Internet Explorer’s problem was that it broke web pages. We were putting a lot of effort into ensuring popular web pages worked in the new version of Internet explorer. Lily was running this program. Concerned at our progress, a VP called a review meeting, the kind that lives in Microsoft lore, when your goal is to come through with arms and legs still attached. Lily was diligent and detail-oriented. She’d been driving her program and the results were looking good. I was ready to present the update the following day. We’d put the finishing touches on the slides and numbers and gone home for the night.
Then I got a phone call. Caller ID said it was Lily.
“I’ve just reviewed the numbers” she said, “I’m really sorry, there’s a big mistake in my calculations”.

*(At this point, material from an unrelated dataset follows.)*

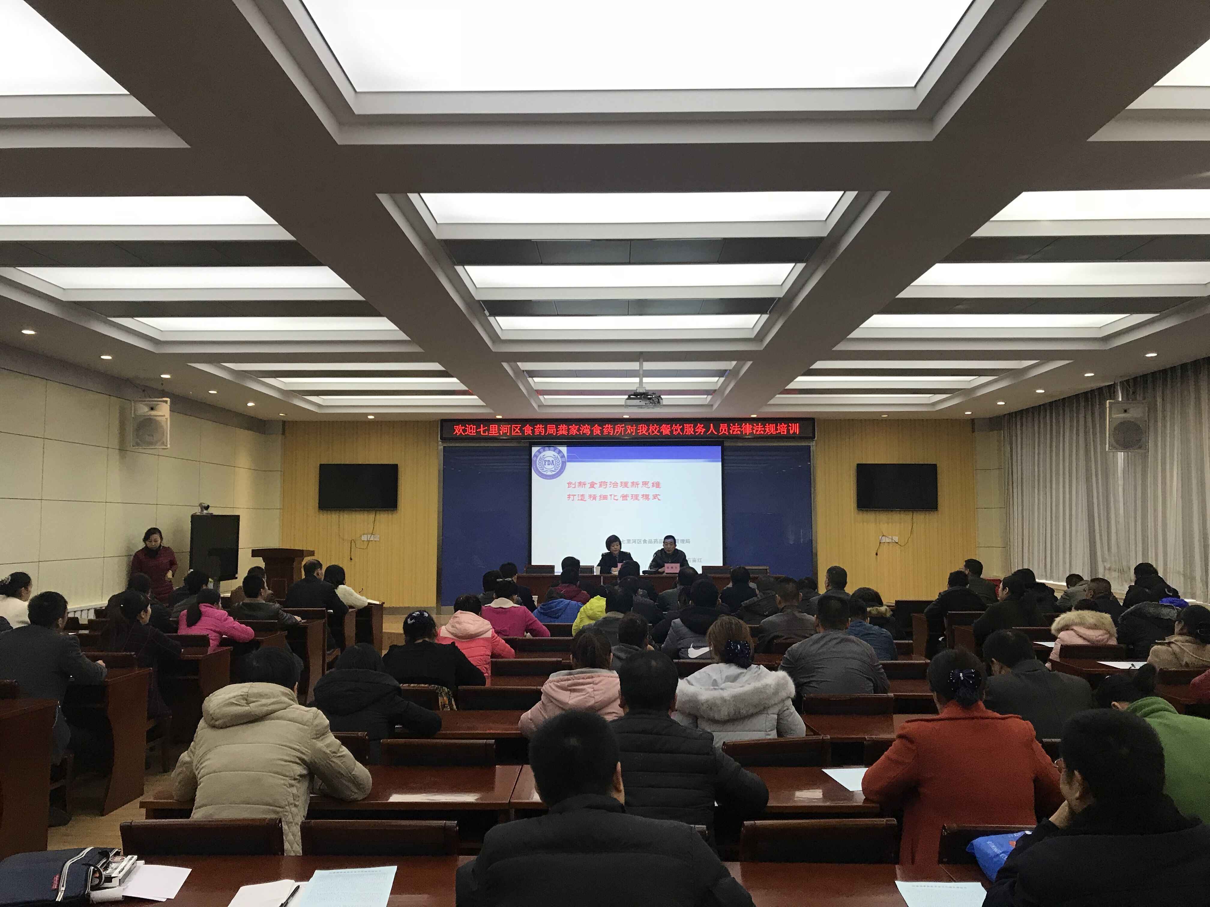11月21日下午,兰州市七里河区龚家湾食药所对我校饮食服务中心管理人员及炊事人员进行了法律法规及餐饮规程的培训。龚家湾食药所所长方喜红作了题为《创新食药治理新思维、打造精细化管理模式》的讲座,饮食服务中心100余人听取了讲座。

She didn’t know at that point whether the error was in our favor or not. Either way, I knew I wouldn’t representing the truth in our presentation. I was angry and upset, and thoughts were racing through my head:
- “I shouldn’t have trusted this important project to someone so new”
- “Lily was incompetent and has put me in a bad position”

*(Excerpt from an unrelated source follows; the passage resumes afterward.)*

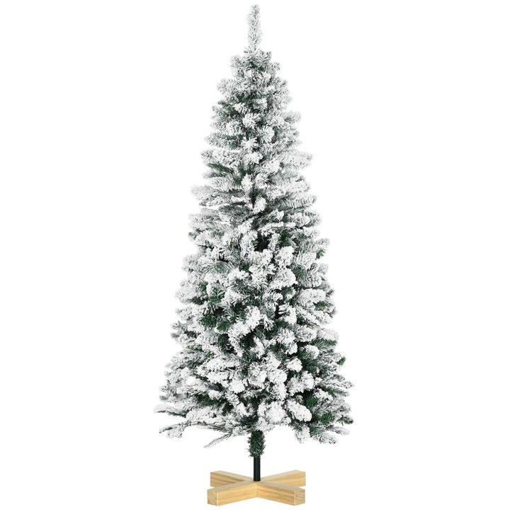 5ft Snow Flocked Artificial Christmas Tree (Pencil Shape, Green)

- “My next promotion is ruined”
- “I’m going to give her hell for this”
In a split second, my brain had self-criticized, blamed someone else, turned things into a catastrophe and then lashed out. Maybe your brain doesn’t work like this. Mine did.
And then, for just a fraction of a second another voice entered my head.
“Those things may or may not true. Is acting on any of those thoughts going to help the situation? Is it possible that there’s a better outcome here by not shouting and screaming?”
Lily had worked incredibly hard on this project. She was incredibly diligent, in fact, without her diligence I doubt we would have caught the error. She had showed incredible courage to own up to it.
“Can you come round?”, I said. “We’ll get this worked out.”
Lily came round. My wife cooked us dinner. We worked through it. In all honesty, I can’t remember what the error was or how it affected the outcome. For all the potential catastrophes my mind had created, it was an insignificant moment in my journey, something I’d forgotten until Lily reminded me of it all these years later.
But what started that day was a snowball. That little voice of sanity that had crept into my angry, blaming thoughts had shown me that empathy was OK and it actually worked. The next time I panicked about messing something up, the voice of sanity was a little louder. It got louder each time until it became the dominant voice, quieting the angry and blaming thoughts that used to lead.
As I said in my article, empathy is not a dirty word for a manager. It’s the ability to put yourself in someone else’s shoes and ask “is blaming, shouting, criticizing actually going to help?”. Empathy doesn’t come from saying to yourself, “I’m going to be empathetic today”. It’s experiential. It’s something you experiment with that gets more comfortable over time. You just need to start.